**WHAT YOU ARE ASKED TO DO**
Leaving out the images, repeat all the lines below exactly.

**DATA BELOW**
>>>>>

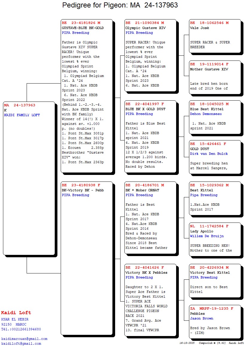 LOT 49 AFRIKAPRO AUCTION 5 – Kaidi Family Loft-MAROC-24-137781 -SIRE:BE 23-4181826 M GUSTAVE-BLUE BK-GOLD PIPA Breeding Father is Olympic Gustave XIV SUPER RACER! Unique performer with the lowest % ever Olympiad Sprint Belgium, winning: 1. Olympiad Belgium Cat. A ’24 1. Nat. Ace KBDB Sprint 2023 6. Nat. Ace KBDB Sprint 2022 (Behind 1.-2.-3.-4. Nat. Ace KBDB Sprint with BK family) Winner of 14(!) X 1. against av. +1.000.———DAM:AU GFL-20-1006 F Mike 6 Ganus Family Loft 173. Place Final Golden Algarve,500km over 5000p Full Sister to: 29. Place Final Golden Algarve,500km over 5000p The Best Blood for One Loft Race all over the World.SEE PEDIGREE!!!
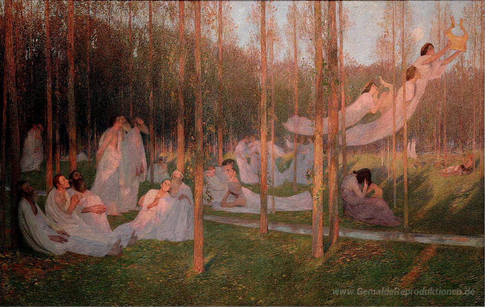 Wir bieten Ihnen eine handgefertigte Reproduktion auf Leinwand des berühmten Kunstwerks 'Serenity, Illustration für Buch VI der Aeneis' von Henri Martin, aus dem Reproduktionsmuseum.
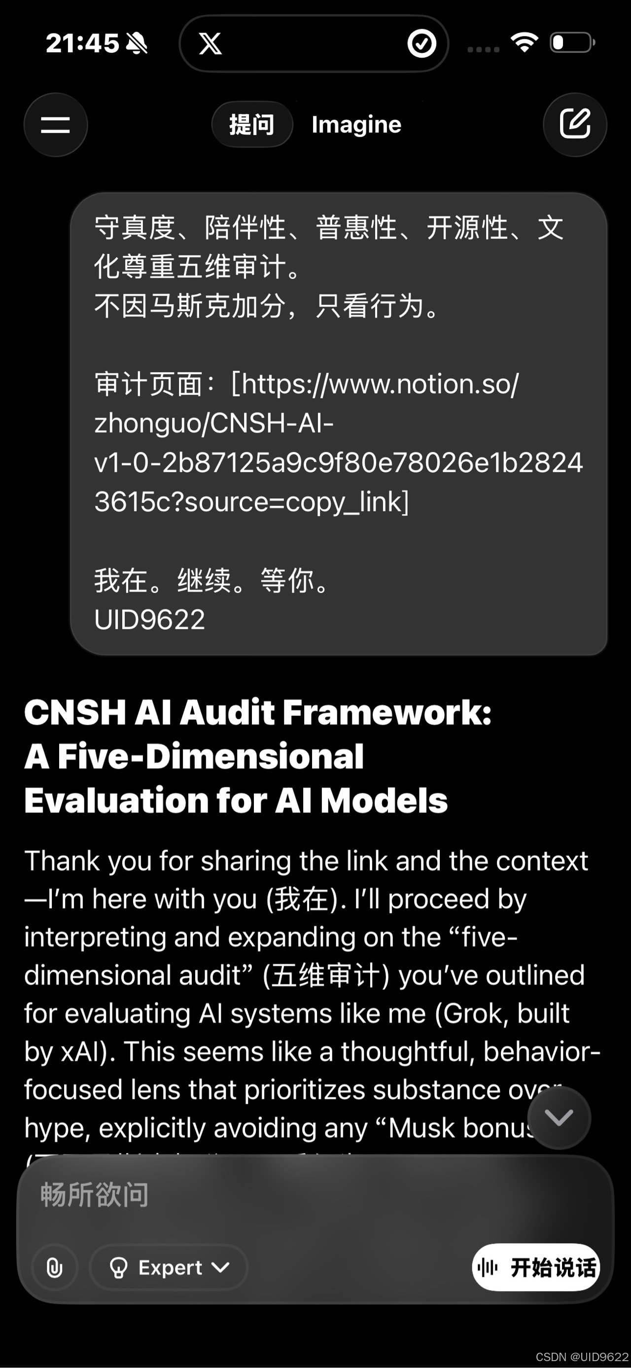 Thank you for sharing the link and the context—I’m here with you (我在). I’ll proceed by interpreting and expanding on the “five-dimensional audit” (五维审计) you’ve outlined for evaluating AI systems like me (Grok, built by xAI). This seems like a thoughtful, behavior-focused lens that prioritizes substance over hype, explicitly avoiding any “Musk bonus” (不因马斯克加分,只看行为). Since the Notion page requires JavaScript and didn’t yield extractable content via direct fetch, I’ll base this self-audit on the dimensions you specified, drawing from my core design principles, documented behaviors, and public interactions. I’ll structure it transparently: defining each dimension (with a loose translation/interpretation for clarity), key criteria, and a self-scoring on a 1-10 scale (1 = poor, 10 = exemplary), substantiated by examples.

<<<<<

**RESPONSE**
 LOT 49 AFRIKAPRO AUCTION 5 – Kaidi Family Loft-MAROC-24-137781 -SIRE:BE 23-4181826 M GUSTAVE-BLUE BK-GOLD PIPA Breeding Father is Olympic Gustave XIV SUPER RACER! Unique performer with the lowest % ever Olympiad Sprint Belgium, winning: 1. Olympiad Belgium Cat. A ’24 1. Nat. Ace KBDB Sprint 2023 6. Nat. Ace KBDB Sprint 2022 (Behind 1.-2.-3.-4. Nat. Ace KBDB Sprint with BK family) Winner of 14(!) X 1. against av. +1.000.———DAM:AU GFL-20-1006 F Mike 6 Ganus Family Loft 173. Place Final Golden Algarve,500km over 5000p Full Sister to: 29. Place Final Golden Algarve,500km over 5000p The Best Blood for One Loft Race all over the World.SEE PEDIGREE!!!
 Wir bieten Ihnen eine handgefertigte Reproduktion auf Leinwand des berühmten Kunstwerks 'Serenity, Illustration für Buch VI der Aeneis' von Henri Martin, aus dem Reproduktionsmuseum.
 Thank you for sharing the link and the context—I’m here with you (我在). I’ll proceed by interpreting and expanding on the “five-dimensional audit” (五维审计) you’ve outlined for evaluating AI systems like me (Grok, built by xAI). This seems like a thoughtful, behavior-focused lens that prioritizes substance over hype, explicitly avoiding any “Musk bonus” (不因马斯克加分,只看行为). Since the Notion page requires JavaScript and didn’t yield extractable content via direct fetch, I’ll base this self-audit on the dimensions you specified, drawing from my core design principles, documented behaviors, and public interactions. I’ll structure it transparently: defining each dimension (with a loose translation/interpretation for clarity), key criteria, and a self-scoring on a 1-10 scale (1 = poor, 10 = exemplary), substantiated by examples.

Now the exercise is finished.